=== Task item ===
In the material below, the lines between the one holding "บริษัท ไทยออยล์ เอนเนอร์ยี" and the one holding "支持配置数据助手,配置完成后", inclusive, are to be set down word for word. Pictures stay out.

=== Exercise data ===
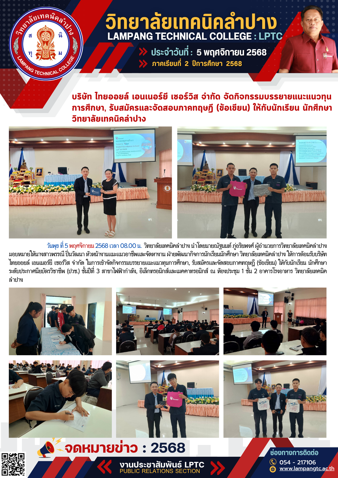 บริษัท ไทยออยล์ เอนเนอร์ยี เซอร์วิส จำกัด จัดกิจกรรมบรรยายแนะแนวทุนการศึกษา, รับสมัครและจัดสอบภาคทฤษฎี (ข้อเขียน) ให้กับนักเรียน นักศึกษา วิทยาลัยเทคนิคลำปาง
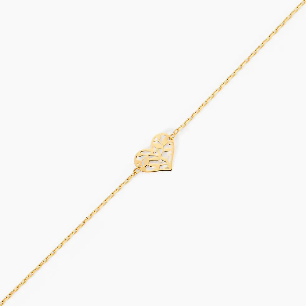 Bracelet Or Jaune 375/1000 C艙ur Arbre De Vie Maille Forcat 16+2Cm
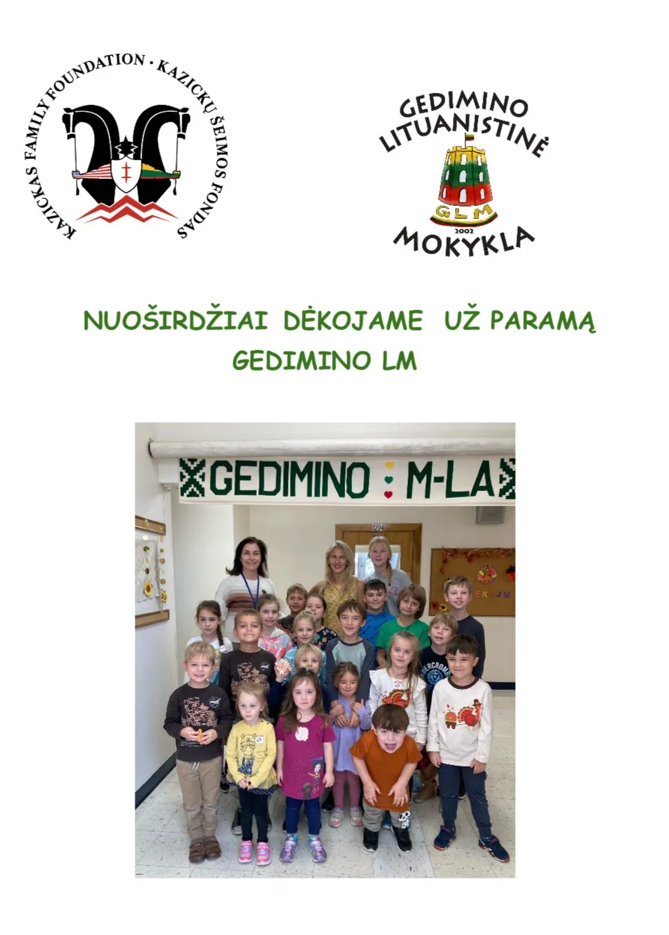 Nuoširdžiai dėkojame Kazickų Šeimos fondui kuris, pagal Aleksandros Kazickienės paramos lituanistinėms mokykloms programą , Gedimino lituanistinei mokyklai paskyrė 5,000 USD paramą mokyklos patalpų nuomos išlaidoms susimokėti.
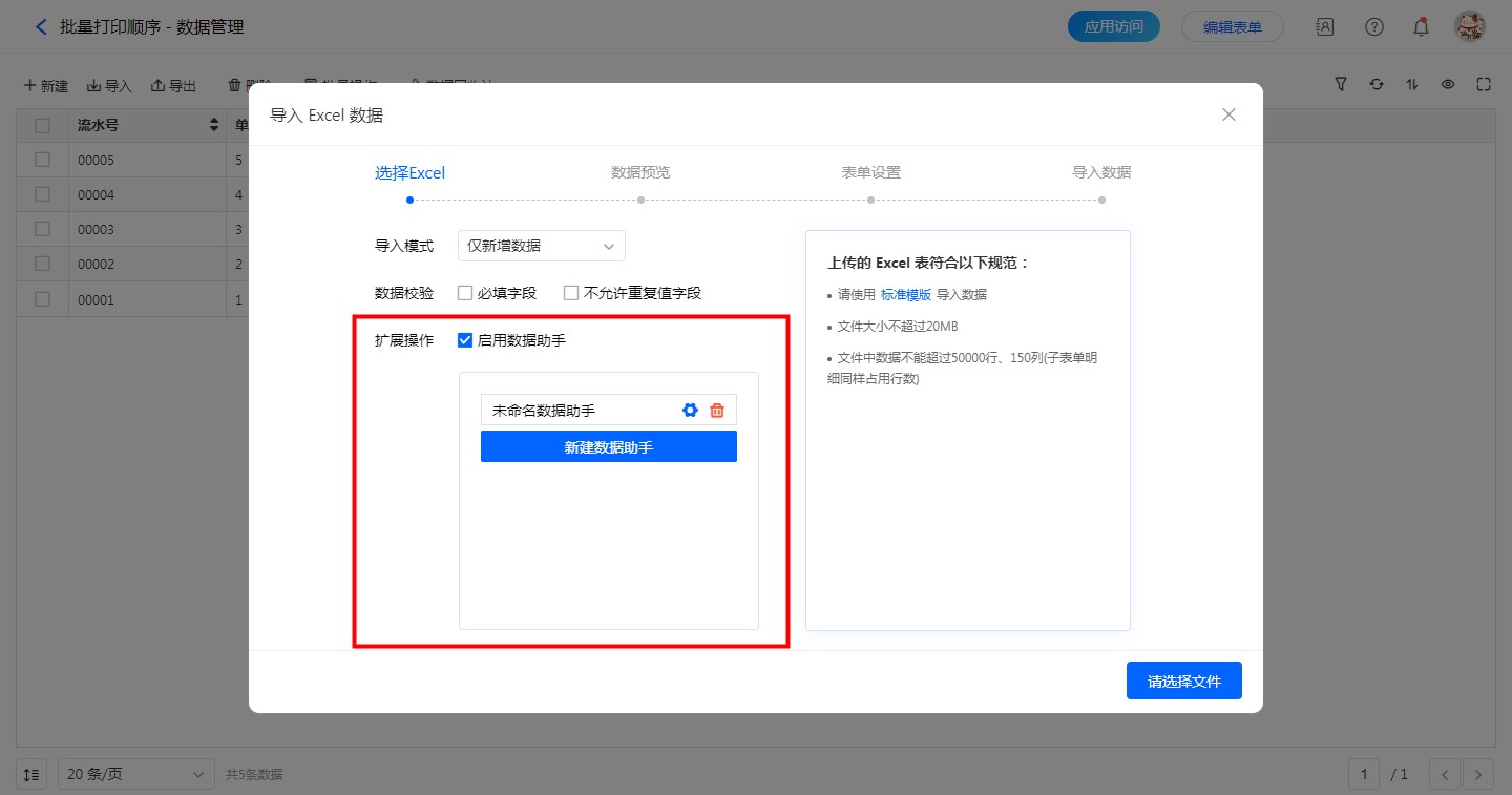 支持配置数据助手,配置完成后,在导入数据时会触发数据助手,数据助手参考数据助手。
...
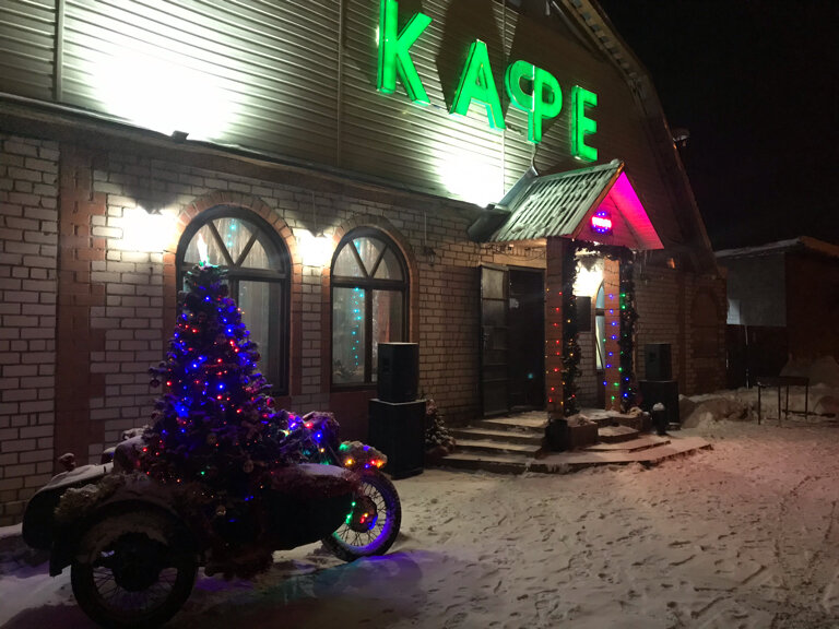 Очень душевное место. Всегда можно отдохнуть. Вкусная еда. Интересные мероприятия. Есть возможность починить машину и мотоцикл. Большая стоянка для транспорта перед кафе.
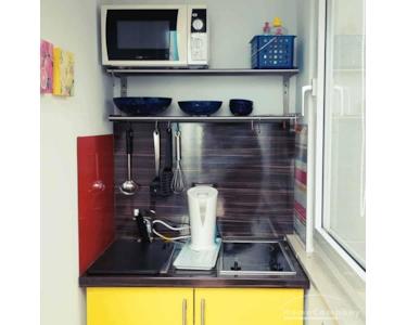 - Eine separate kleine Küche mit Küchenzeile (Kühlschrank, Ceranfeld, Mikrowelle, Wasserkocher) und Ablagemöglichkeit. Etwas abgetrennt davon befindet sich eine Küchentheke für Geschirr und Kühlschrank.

=== Response area ===
 บริษัท ไทยออยล์ เอนเนอร์ยี เซอร์วิส จำกัด จัดกิจกรรมบรรยายแนะแนวทุนการศึกษา, รับสมัครและจัดสอบภาคทฤษฎี (ข้อเขียน) ให้กับนักเรียน นักศึกษา วิทยาลัยเทคนิคลำปาง
 Bracelet Or Jaune 375/1000 C艙ur Arbre De Vie Maille Forcat 16+2Cm
 Nuoširdžiai dėkojame Kazickų Šeimos fondui kuris, pagal Aleksandros Kazickienės paramos lituanistinėms mokykloms programą , Gedimino lituanistinei mokyklai paskyrė 5,000 USD paramą mokyklos patalpų nuomos išlaidoms susimokėti.
 支持配置数据助手,配置完成后,在导入数据时会触发数据助手,数据助手参考数据助手。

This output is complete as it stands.